Penguins on Parade: The Jungle Books!
/Some Penguin Classics celebrate awkward anniversaries, and in the literary world, it looks like no anniversary this side of the publication of Mein Kampf will ever be more awkward than that of Rudyard Kipling, born 150 years ago, whose incredible body of work has been simplified and then vilified under the “Empire jingo” tag for so long it that it’s become undergrad second nature to dismiss him out of hand except for a couple of isolated works. So “The Man Who Would Be King” can get made into a successful movie (and phrase can enter common parlance), and Kim can make it onto the Modern Library list of the top 100 novels of the 20th century, but the huge bulk of the man’s prose and poetry is consigned to the attic, where it’s understood that the only people who’ll visit it are secretly racist imperialists. It can get a bit tiring to watch the Republic of Letters so resolutely belittle itself.
Of course the foremost example of an ‘exempted’ work by Kipling is The Jungle Books, his much-beloved classic, the first part of which was published in 1894 and the second in 1895. The Jungle Books is now added to the beautiful Penguin Classics hardcover line with a monkey-full cover design by Coralie Bickford-Smith, a Preface by Jan Montefiore and an excellent Introduction by Kaori Nagai in which she points out the simple truth that for many readers, the stories in the Jungle Books “have almost become synonymous with the joys of childhood and of reading.” And she draws some intriguing parallels between Kipling’s work and that of his own father:
In many ways, the Jungle Books can be seen as an imaginative reworking of Kipling’s father’s book Beast and Man in India (1891) with its rich descriptions of Indian animals ‘in their relations with the people.’ John Lockwood Kipling, a gifted artist and illustrator, worked in Bombay and then in Lahore from 1865 to 1893, as an art professor and curator. Father and son shared similar perceptions of and an adoring gaze towards animals, and there are significant overlaps between their works.

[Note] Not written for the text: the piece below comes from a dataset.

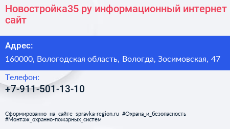 Новостройка35.ру, информационный интернет-сайт по адресу 160000, Вологодская область, Вологда, Зосимовская, 47 в дальнейшем Организация, размещена в следующих категориях:
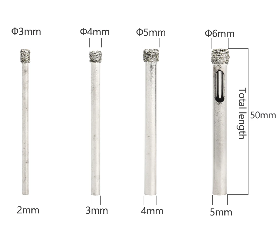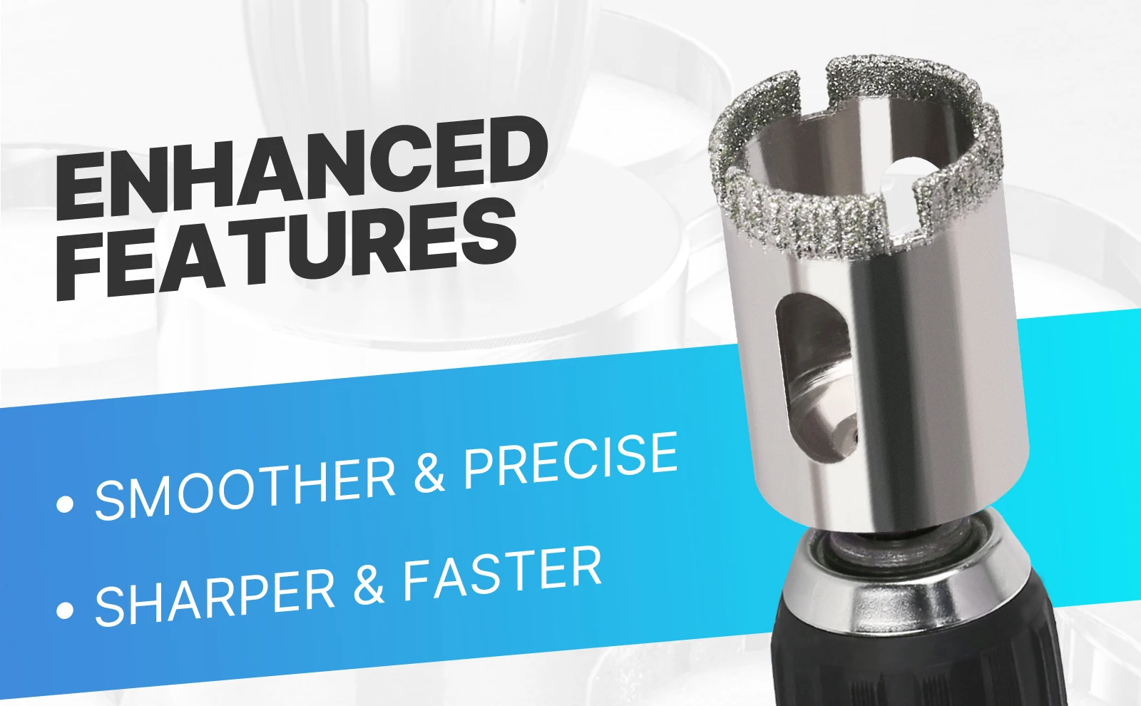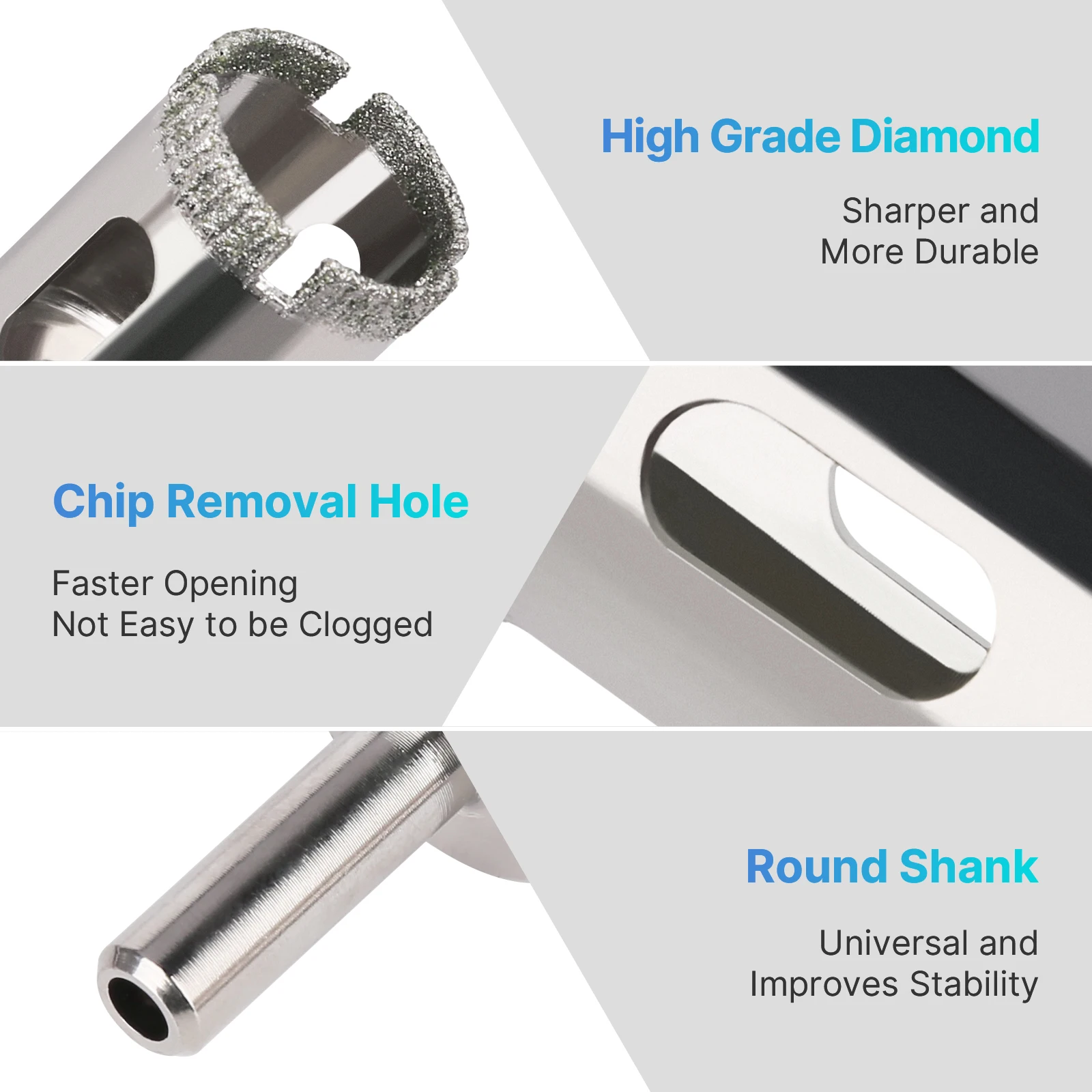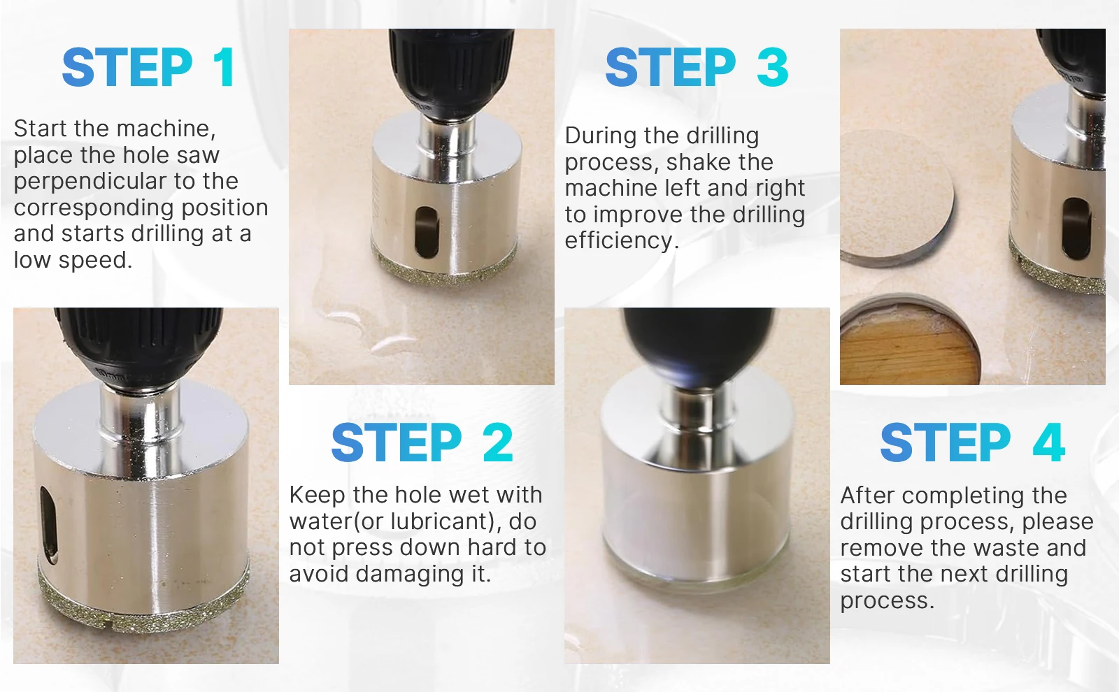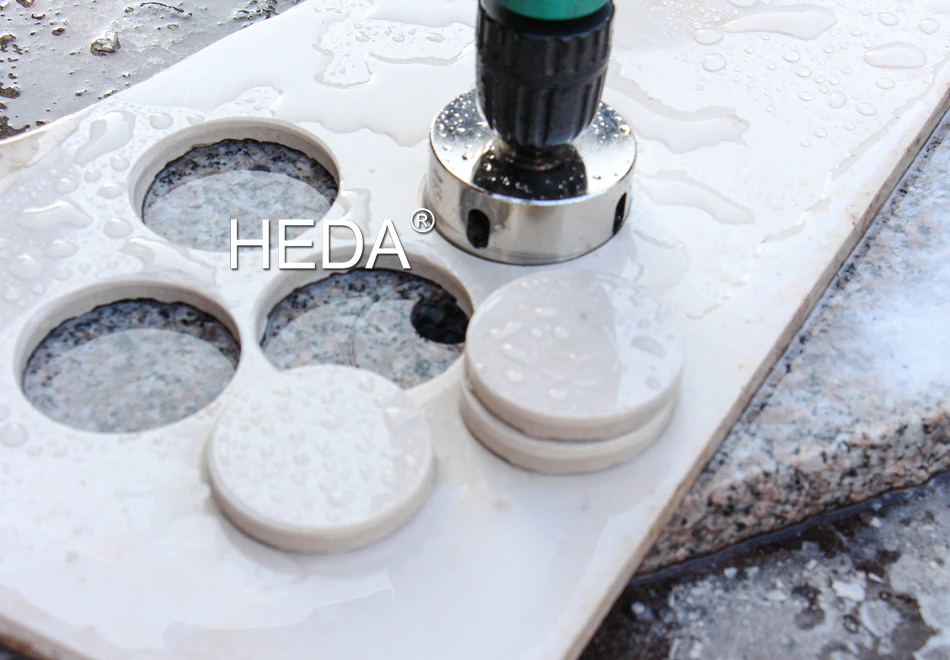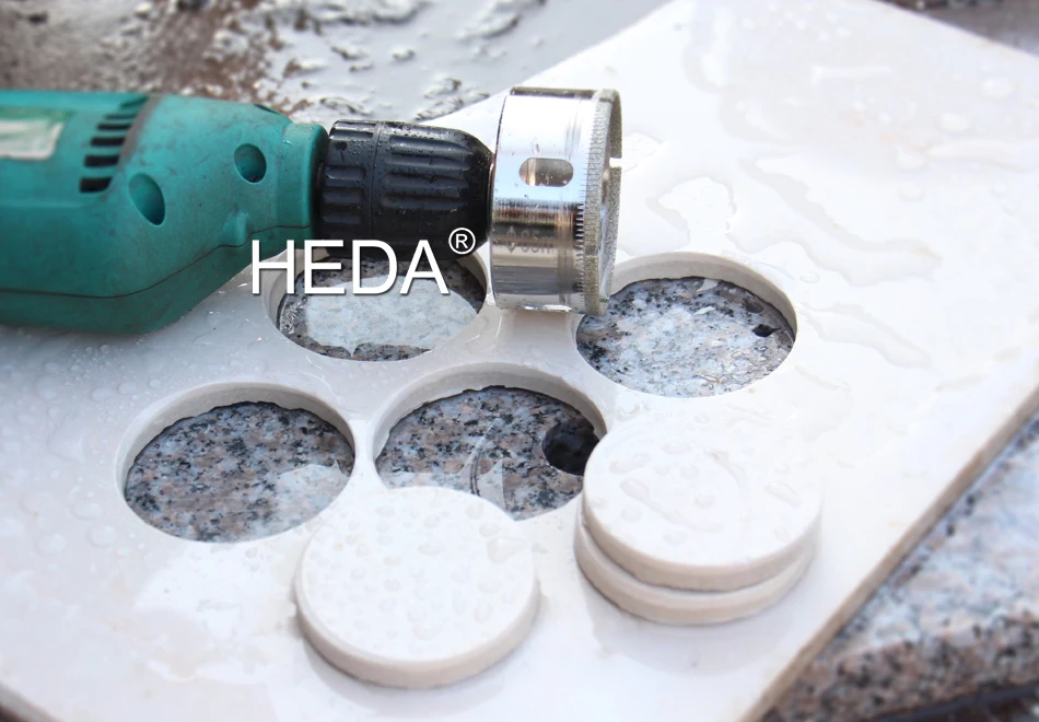 2. This diamond coated core drill bit removes a complete circle from glass, tiles, marble, granite, ceramic, etc.

But as much as that might make me want to find a copy of Beast and Man in India the next time I’m at the Brattle Bookshop, it only reinforces how thoroughly the younger Kipling made the subject his own, mainly by taking the ‘man’ part almost entirely out of the equation. Most of these great stories feature a little Indian boy named Mowgli who’s adopted by a wolf pack and raised as one of their own, gaining the friendship of the elegant black panther Bagheera and the thirty-foot rock python Kaa and learning the Laws of the jungle from the heavy old bear Baloo. Taking up this sturdy, lovely lime-green hardcover Penguin Classic, I plunged into these stories again exactly as if I didn’t have them memorized. And as usual – and fittingly enough, since it’s clearly the inspiration for this volume’s cover – my favorite was the story called “Kaa’s Hunting,” in which the noisy monkey-folk, the Bandar-log, kidnap Mowgli and carry him to the Cold Lairs, a long-ruined city deep in the jungle. Baloo and Bagheera naturally resolve to rescue him, but they are only two while the Bandar-log are many hundreds, so they enlist as an ally Kaa the python, who’s very old and very alien but who helps them because he has no love for the Monkey-people – and they certainly have no love for him:
Generations of monkeys had been scared into good behaviour by the stories their elders told them of Kaa, the night-thief, who could slip along the branches as quietly as moss gross, and steal away the strongest monkey that ever lived; of old Kaa, who could make himself look so like a dead branch or a rotten stump that the wisest were deceived, till the branch caught them. Kaa was everything that the monkeys feared in the jungle, for none of them knew the limits of his power, none of them could look him in the face, and none had ever come alive out of his hug.
But in addition to re-reading “Kaa’s Hunting,” I also soaked up again “Rikki-Tikki-Tavi” and the brilliant psychological study “How Fear Came,” and the epic action of “Red Dog.” And when I came to “The Spring Running,” I read in somber, rapt attention for the thousandth time as Mowgli, perhaps inevitably, makes his way back to the the world of humans, never to live in the jungle again. And as he goes, he’s sung farewell by his three closest animal friends, each a verse in turn until they share the final one:
On the trail that thou must tread
To the threshold of our dread,
Where the Flower blossoms red;
Through the nights when thou shalt lie
‘Prisoned from our Mother-sky,
Hearing us, thy loves, go by;
In the dawns, when thou shalt wake
To the toil thou canst not break,
Heartsick for the Jungle’s sake;
Wood and Water, Wind and Tree,
Jungle-Favour go with thee!
I’ve read my way through dozens of editions of the Jungle Books, from paperbacks to big lavish hardcovers to even the comic book adaptation with lovely artwork by P. Craig Russell. I’d like to think this sturdy little green brick of a Penguin Classic will hold up a lot longer than its predecessors. I can hope so, anyway.